JMC and Daren , got my DH kiln loaded to the gill 4,000-4,500 BF ( mostly crotch and odd ball pcs). I cheated I purchased a metal insulated (door panels) building (floor insulated also) to experiment with (actually had it for storage). So far holds heat and circulates good. 

Don't mean to hijack thread JMC, just knew we discussed our kilns in the past. You going to dry this also???

Have a Blessed day in Jesus's LOVE,
Tim


----------



## JMC'sLT30 (Oct 26, 2010)

First of all I was mistaken, it's hickory not walnut "duh" (got a lot to learn). It was so nice and dark when I cut the ends off I just knew we hit the jackpot. Most of it was cut into 6/4, unfortunatly no crotch slabs. It did cut pretty good for hickory from what I hear, especially for lying arround for 2 years. About 200 BF is going into my kiln, mostly 14-18" slabs. Hopefully it won't get too crazy and they'll get a good yeild fromm it. It was a lot of fun cutting it with my son-n-law and the customer, the customer had his kubota and was a lot of help, it couldn't lift the log but with a bunch of inginuity (I guess that's how you spell it) we manged to roll it out of the hole and onto the mill. He said it was worth the price of adission to watch and be a part of it all. And of course you all know it was like being on a treasure hunt through every slice. 4,500 BF WOW that's a whole lot of wood, I can fill mine full with 400 BF but I need to work on my circulation 300 is airy and comfy for now.


----------



## Tennessee Tim (Dec 15, 2010)

I thought it didn't look like black walnut but I've never cut or seen what some call here "white" walnut aka butternut. It's beautiful anyway. I've seen a lot of hickory cabinets lately.

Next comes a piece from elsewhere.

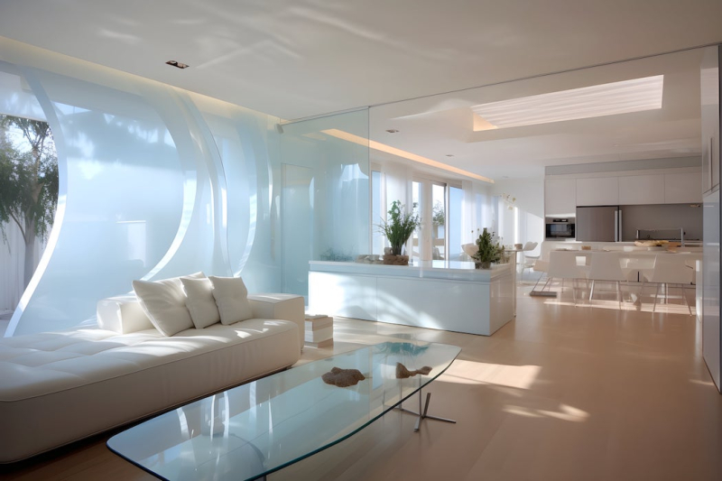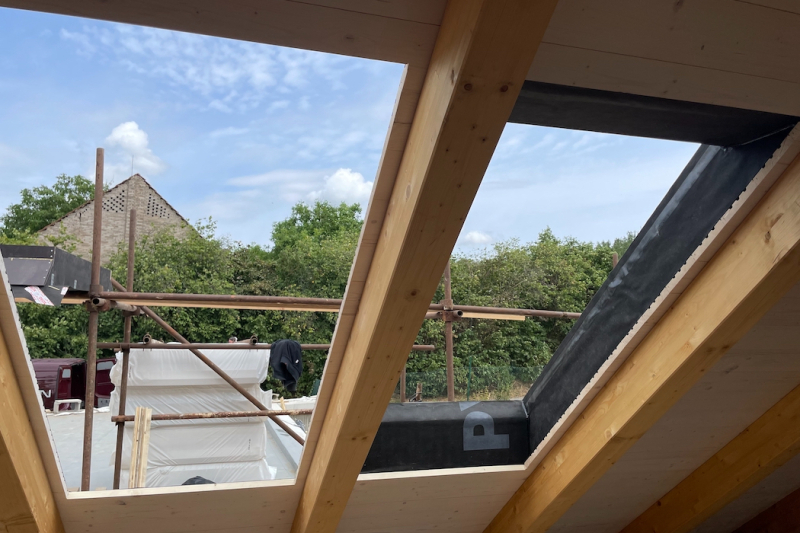 Pohled z vnitřní stany na vzduchotěsně osazený rám, pohledový krov a záklop

I had to add extra circulation to my kiln and expect extra heat to debugg. Found a 5 speed high volume cooktop double blower exhaust fan. Wired it up on low but will boost up two #2 stage after D/Hing, not quite enough heat rolling over from top but don't want to overboost the D/H's capabilities from too much air flow.

Post us a few final pics. 

Your more man than I am, I couldn't pass up a crotch cut especially with the look that one appeared to have as a long double. You may have been correct to cut for the quality. Always a chance that the doubles grew with trash/leaves caught in them and they snap apart at that seam when cut, but that's the risk, Daren and I ( I'm sure others) have gotten our hearts broken from expectations but have gained from some of the risks.

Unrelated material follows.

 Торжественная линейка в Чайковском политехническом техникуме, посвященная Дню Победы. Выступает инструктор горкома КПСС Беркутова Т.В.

I know it don't take long to overload the tractor or saw. The 10 ft x 36" maple was a balancing act BUT AAAHHH it was looking good. The 24' oaks I gently set on saw with my 953 Cat loader.

Have a Blessed day in Jesus's Love,
Tim


----------



## JMC'sLT30 (Oct 26, 2010)

For the customer I had to get the most out of the log although it was very tempting we didn't do it. Good thing too, got down to about a 10"x12" chunk in the middle and turned to get some figure in 4/4 stock but they were falling apart so we just cut the rest into leg stock.


----------